Trick or Trunk?

Bring back trick or treating for the next generation

Photo courtesy of Silar/Wikimedia Commons

The memory of trick or treating on Halloween night is something that many of us fondly recall from our childhood. Being allowed to run the neighborhood largely unsupervised past your bedtime and surrounded by peers also caught up in the revelry is one of the defining experiences for a  quintessential American childhood. But in 2025, many have noticed that their neighborhood seems unusually quiet on Halloween. There are many factors that contribute to this, but one thing is clear: kids need to hit the ground running next Halloween.

First off, kids are spending less time unsupervised in their neighborhoods than ever. Every person above the age of 35 has some sort of anecdote about being turned out from their homes after breakfast and not returning until after the streetlights turned on, and how kids these days get an escort to walk a block down the street to the park. But these same people have prevented their own children from having this experience. Even as they disparage kids for being coddled, they are the ones doing the coddling. 

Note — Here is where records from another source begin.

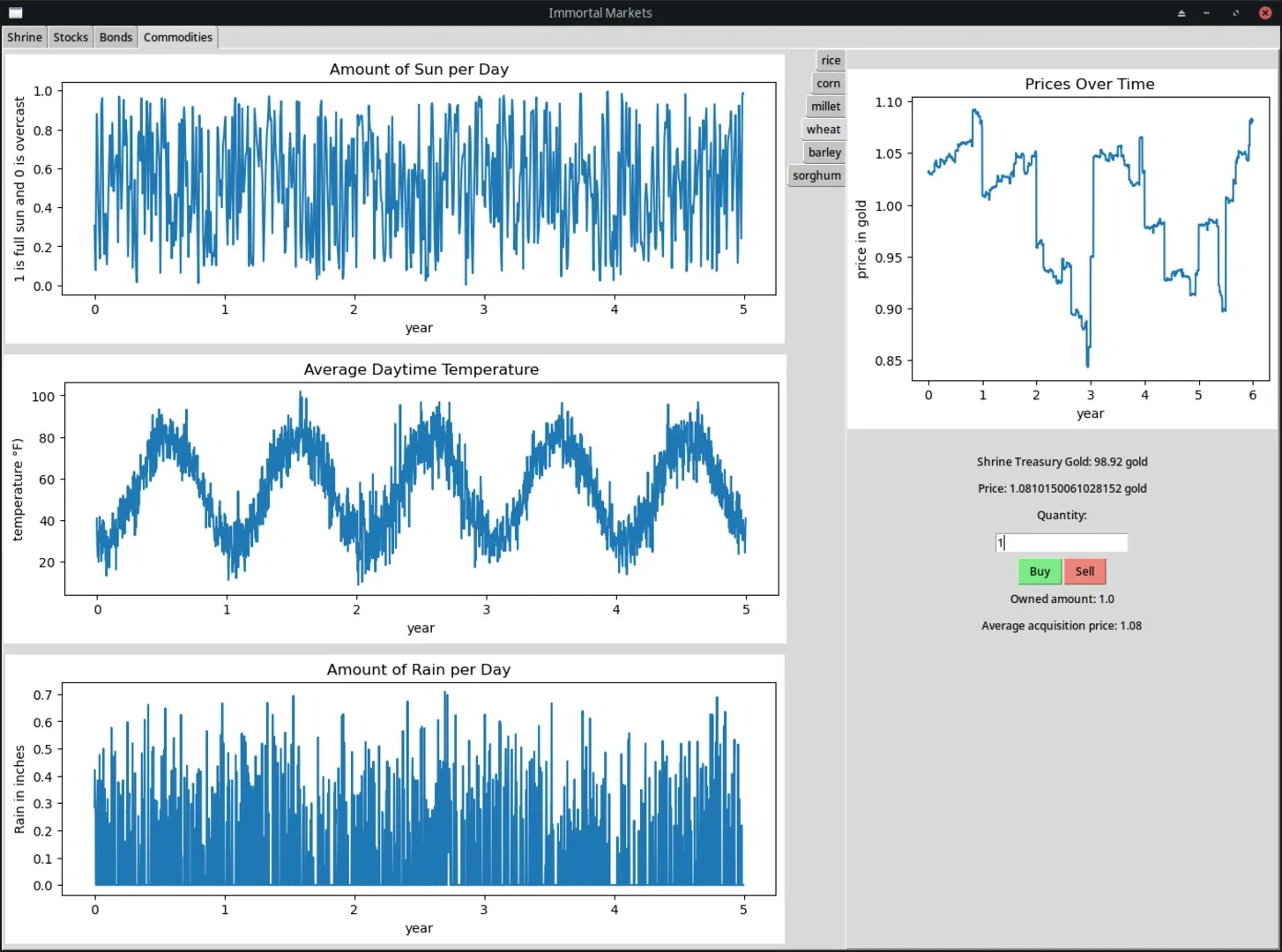 In this game, you play as a deity that can gamble their shrine treasury on various financial instruments, including stocks, bonds and commodities.
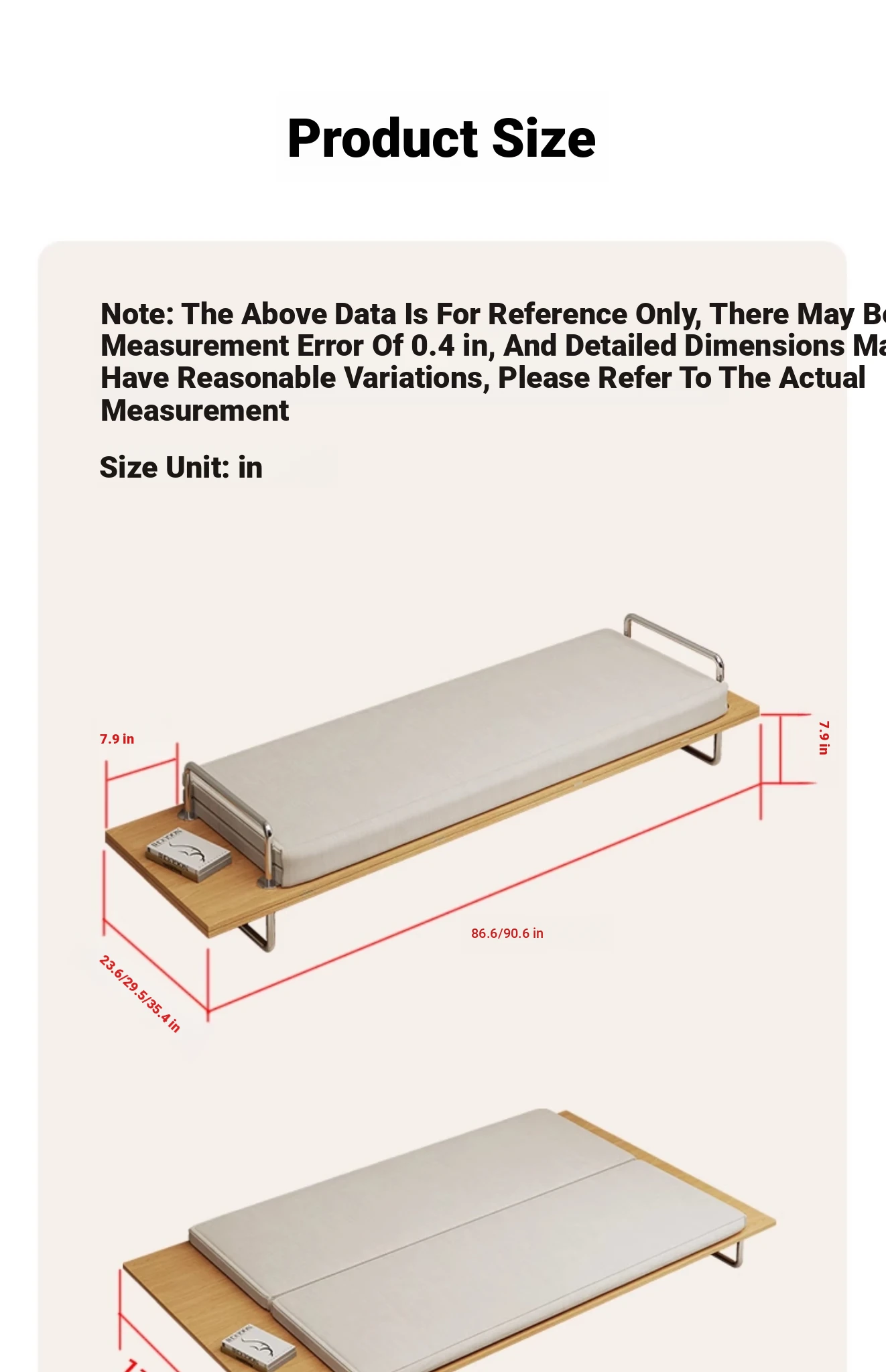 Oak color 35.43in wide single bed frame (open 70.87in) + sponge cushion
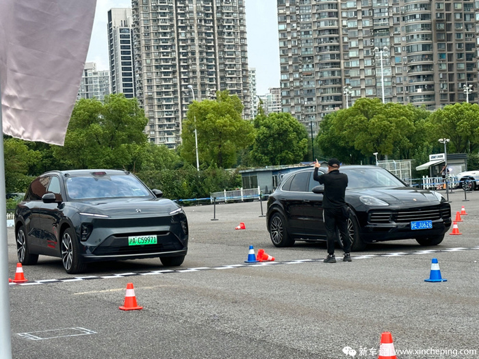 在本次的试驾中,我们针对ES8底盘进行了非常全面的场地+对比测试+道路试驾。在现场,除了新一代ES8外,还有对比车型保时捷卡宴以及宝马X7。
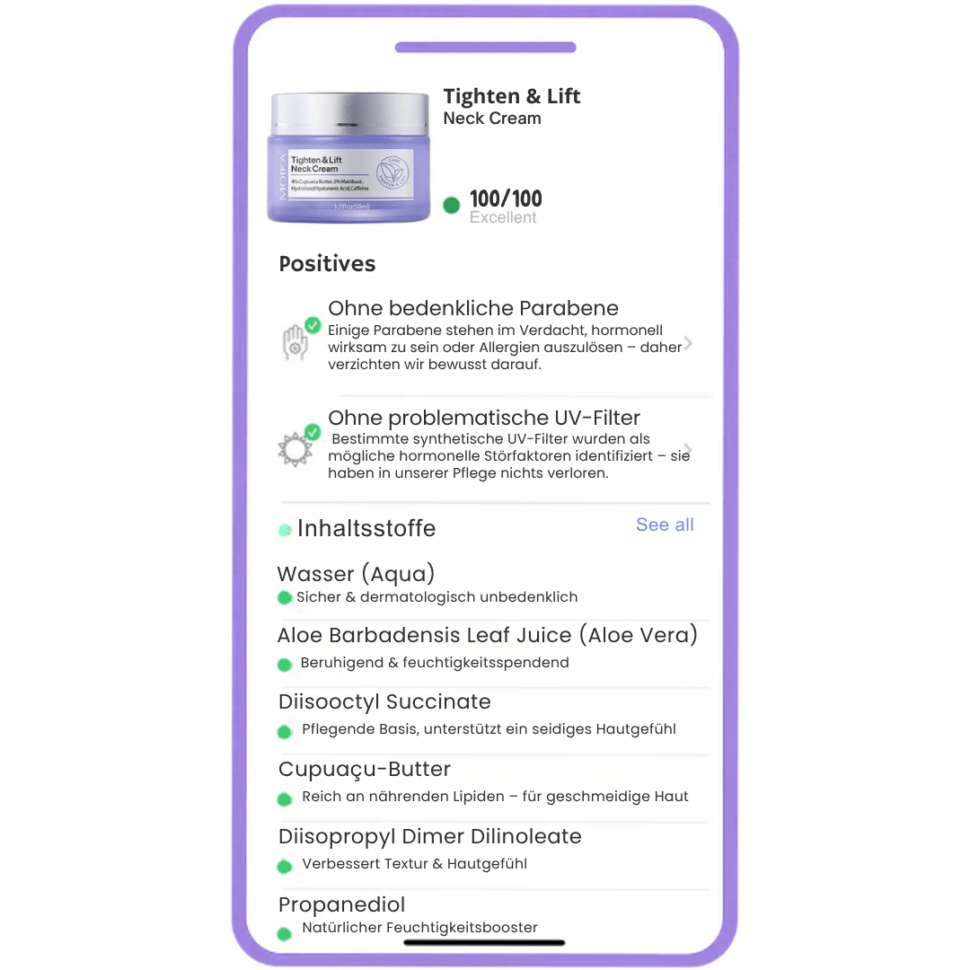 Wir arbeiten bewusst strenger als die EU-Kosmetikverordnung – und führen eine eigene „Never List“, auf der über 2.700 bedenkliche Inhaltsstoffe dauerhaft ausgeschlossen sind.
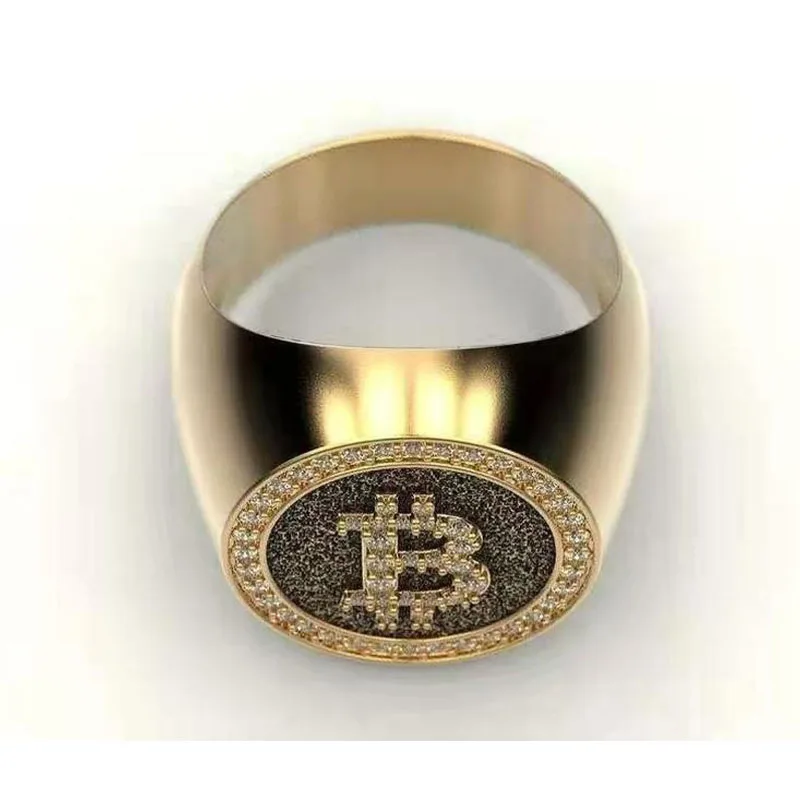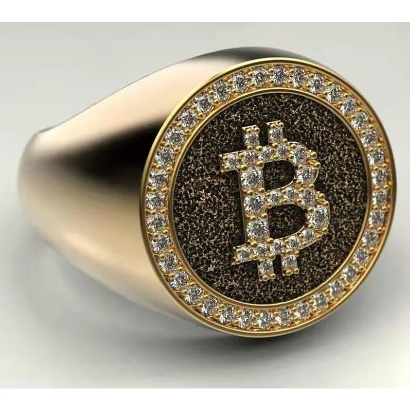 кольца 2021 тренд прикольные штучки Роскошное модное мужское кольцо с биткоином, обручальное кольцо, модные аксессуары, кольцо для пары, Подарок на годовщину
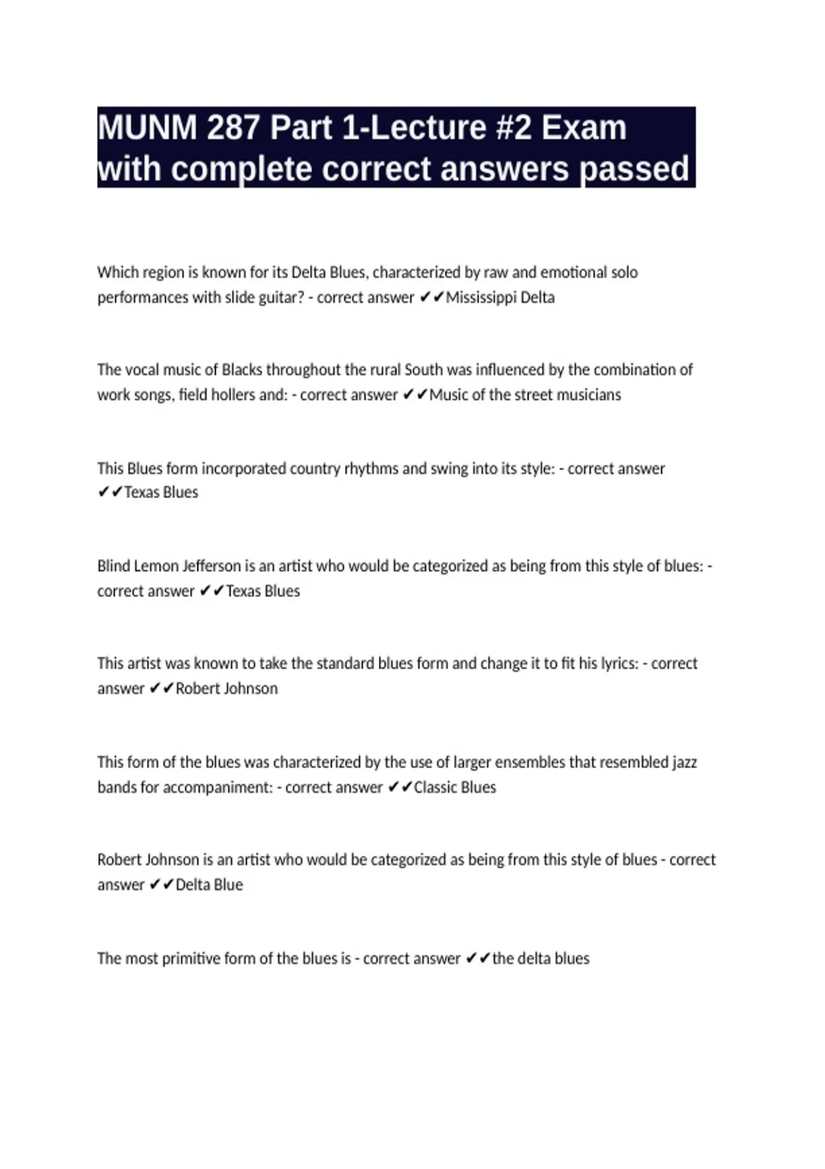 correct answer ✔✔Texas Blues
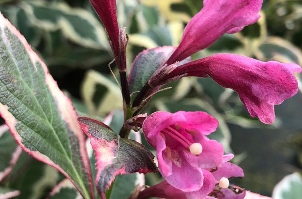 50-70 cm magas, bokros növekedésű lombhullató cserje. Rózsaszín virágaihoz nagyon jól mutatnak fehéres rózsaszínnel tarkázott levelei, melyek ősszel pink és bíbor árnyalatában pompáznak. Gazdagon elágazó, sűrű, bokros habitusú cserje. Laza szerkezetű, jó vízáteresztő képességű, tápanyagban- és humuszban gazdag enyhén savanyú vagy semleges talaj ideális a számára. Nagy fényigényű növény, kisebb árnyékolást elvisel, de ekkor kevesebb virágot nevel. Rendszeres, bőséges öntözést igényel!
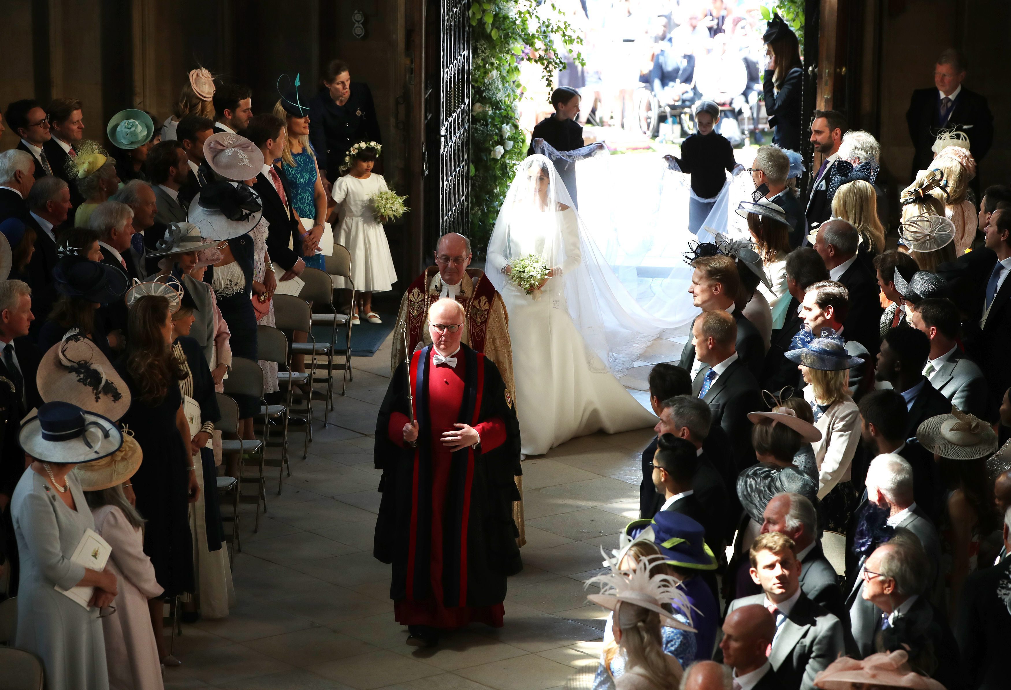 La prometida de Enrique entró sola en la capilla acompañada por diez niños que hacen de damas de honor y pajes, entre ellos el príncipe Jorge y la princesa Carlota, hijos de los duques de Cambridge, hasta que el príncipe Carlos, heredero al trono, la tomó del brazo para conducirla hasta el altar.
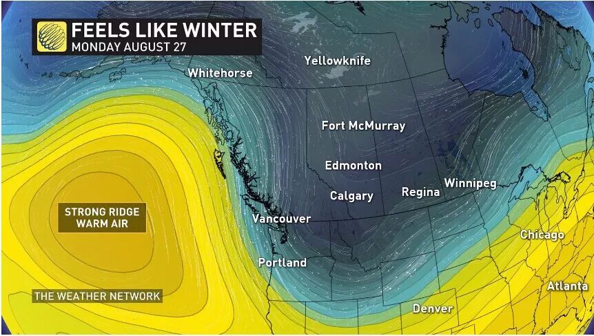 在各地一片高温热火中,我们可爱的阿尔伯塔又按耐不住寂寞了,誓要来一个“反向8月”独秀一番,体会一下独领风骚的赶脚。。。
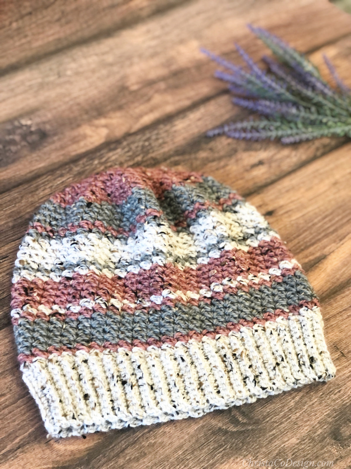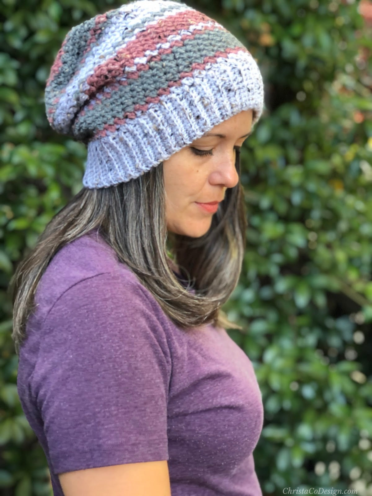 This striped slouchy hat fits like a dream. The lightweight DK yarn provides warmth while the slouch adds style. Choose contrasting colors to create drama in your own striped slouchy hat. The written pattern includes instructions for adjustments. Plus there are tutorials linked for all stitches, and a full video tutorial as well.
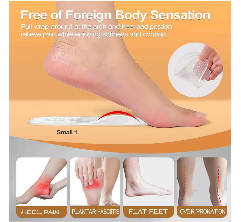 [Soft Gel Material for All-Day Comfort] Made from premium PU gel, these arch cushions mold to your foot shape, ensuring personalized support. The soft and flexible material absorbs shock and reduces discomfort from prolonged wear.
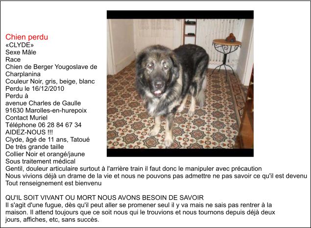 Je vous envoie la photo que vous aviez publiée sur votre site ainsi que deux photos très récentes d'elle.
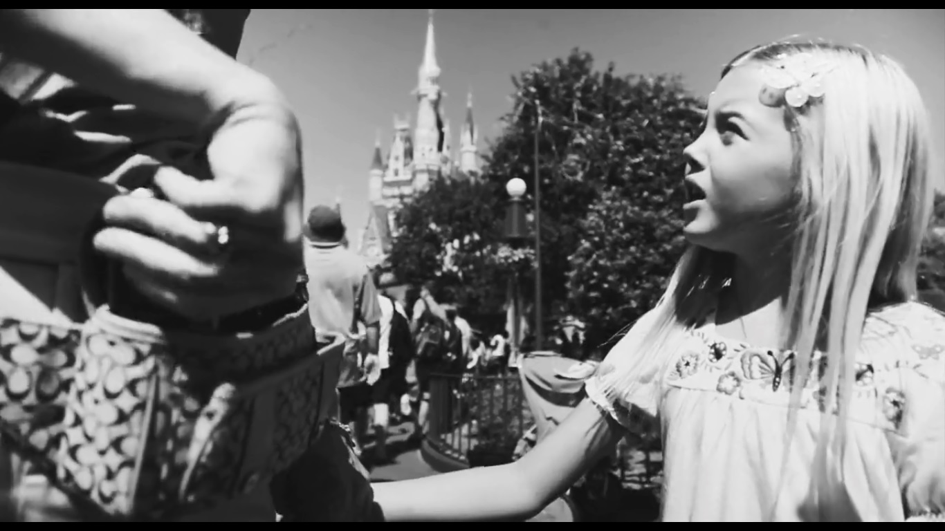 Next we see a montage of candid, idyllic footage of Disney World with beautiful music and credits being inter-cut. This is presumably to convey the atmosphere that Disney World is supposed to provide so that when the movie goes off the rails, we can see just how depraved we’ve gotten from where we started. This footage goes on for about a minute or two before it ends with someone getting their fucking head chopped off and the title popping up.
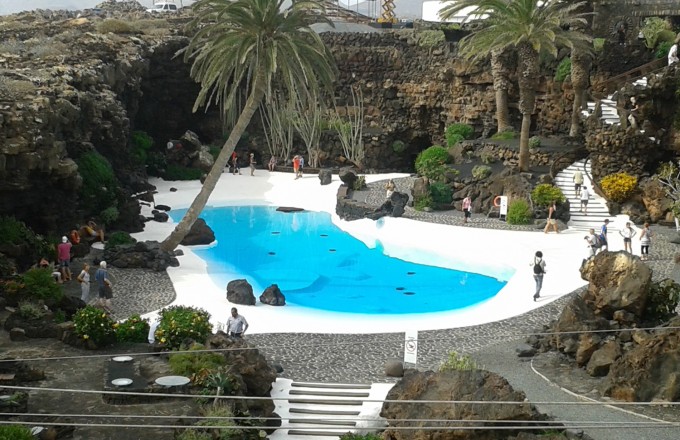 Das schönste Gesamtkunstwerk sind die Jameos del Agua, ein einzigartiger Komplex aus Höhlensee, Grotten und einem elegant geschwungenen Pool, umrahmt von subtropischer Pflanzenpracht. Im Casa de los Volcanes wird über Vulkanismus informiert. Unbedingt sehenswert ist die Cueva de los Verdes - ein vor 5000 Jahren durch den Vulkan La Corona gebildeter Tunnel mit 16 Lavablasen - dank effektvoller Beleuchtung und sphärischer Musik sehr beeindruckend! Der Jardin de Cactus im Osten der Insel bei Guatiza: ein alter Steinbruch wurde geschickt in einen Zaubergarten verwandelt. Hier präsentieren sich auf mehreren Terrassen über 10.000 stachelige Exemplare, zwischen bizarren Lavasäulen, kleinen Wassersäulen und Teichen, überragt von einer restaurierten Windmühle. Auch ungewöhnlich baute César Manrique in der Inselmitte bei Tahiche. In der Ödnis entdeckte er einen Feigenbaum, der mitten im Lavafeld Wurzeln geschlagen hatte. Hier ließ er auf fünf Lavablasen sein Vulkanhaus errichten. Schöner wohnen geht kaum mehr! Heute hat hier die Fundación César Manrique ihren Sitz. Der Mirador del Rio, jahrhundertelang ein strategischer Beobachtungsposten an der nördlichsten Inselspitze, wurde von Manrique zu einem viel besuchten Aussichtspunkt umgestaltet, der von außen kaum zu sehen ist. Der Künstler ließ das Restaurant mit riesigen Fenstern ganz in den Felsen versenken. Von dort aus und von der umlaufenden Terrasse hat man eine atemberaubende Aussicht auf die Insel La Graciosa.
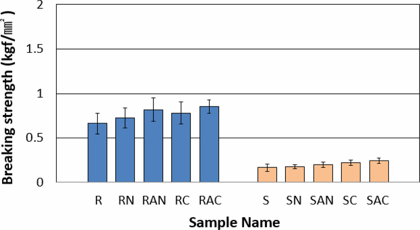 시료 R, S의 파단강도는 각각 0.67, 0.17 kgf/mm2로 나타나 다공성 하이드로젤인 경우에 파단강도가 매우 낮음을 확인하였다.
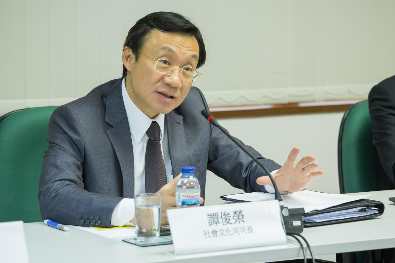 President of the Institute for Tourism Studies, Fanny Vong, Acting President of Cultural Affairs Bureau, Kent Ieong Chi Kin, Advisors of the Office of the Secretary for Social Affairs and Culture, Charles Lam and Stella Leong, Deputy Director of Education and Youth Affairs Bureau, Leong Vai Kei, Vice President of the Committee of Cultural Industries and the Convener of the Task Group for the Promotion of Gastronomy and Cultural Industries, Hsu Hsiu Chu, Director of Board of Administration of Cultural Industries Fund, Davina Chu, as well as representatives of the Civic and Municipal Affairs Bureau, Economic Bureau, Macao Trade and Investment Promotion Institute, Labour Affairs Bureau and Environmental Protection Bureau attended the meeting.
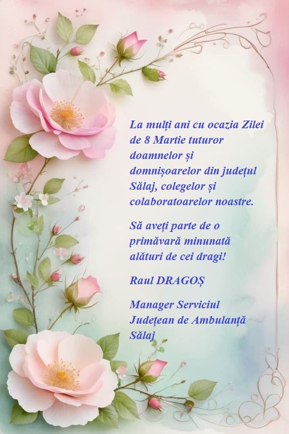 Raul DRAGOȘ Manager Serviciul Județean de Ambulanță Sălaj: -Să aveți parte de o primăvară minunată alături de cei dragi!
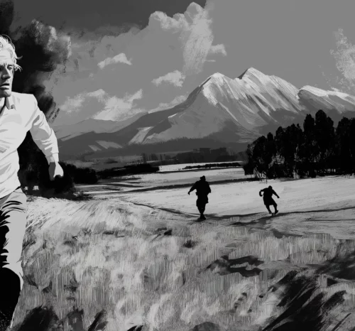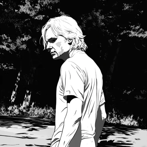 Adapter La bouche pleine de terre de Branimir Scepanovic. Pour le personnage principal, j’ai choisi les traits de Julian Assange, pour l’un des traqueurs, Beuys

More parents than ever are not only micromanaging their children's Halloween nights, but in some cases, they are replacing them entirely. Children are not allowed the traditional freedoms and are instead taken to “trick-or-treat” events in malls or to trunk-or-treat events—which is when a group of parents organizes a contained event from the trunks of their cars where children walk around an enclosed parking lot. These decisions have resulted in nothing but a misopportunity for memories.

Maybe it is just my inner child speaking, but that sounds like the least fun way possible to spend Halloween night. From my own memories, the best part of Halloween was getting to feel truly part of the world, alone and in power, in a way that children are not usually afforded. What made the day great was running through the streets, house to house and on a mission that, under the surface, has less to do with candy than it does freedom.

In my opinion, this shift in Halloween tradition is a microcosm of a larger shift our society is currently undergoing. Children face more surveillance than ever through apps like Life360 and technology like AirTags. They are pressured to be in constant contact with parents through their devices. Additionally, harmless neighborhood mischief is much harder to get away with when every doorstep has a Ring camera. As the U.S. shifts more and more into a surveillance state, children's already structured lives become even more regulated and sanitized. Of course child safety is important, especially on a busy night like Halloween. Even so, children's lives, from my perspective, have not been improved by this shift in tradition.

Of course, the recent trend of less trick or treaters could simply be an aftereffect of the pandemic, and will be reversed as time goes on. Nonetheless, with more parents feeling nostalgic for their own childhoods, hopefully they will feel invigorated to show their kids the same good time.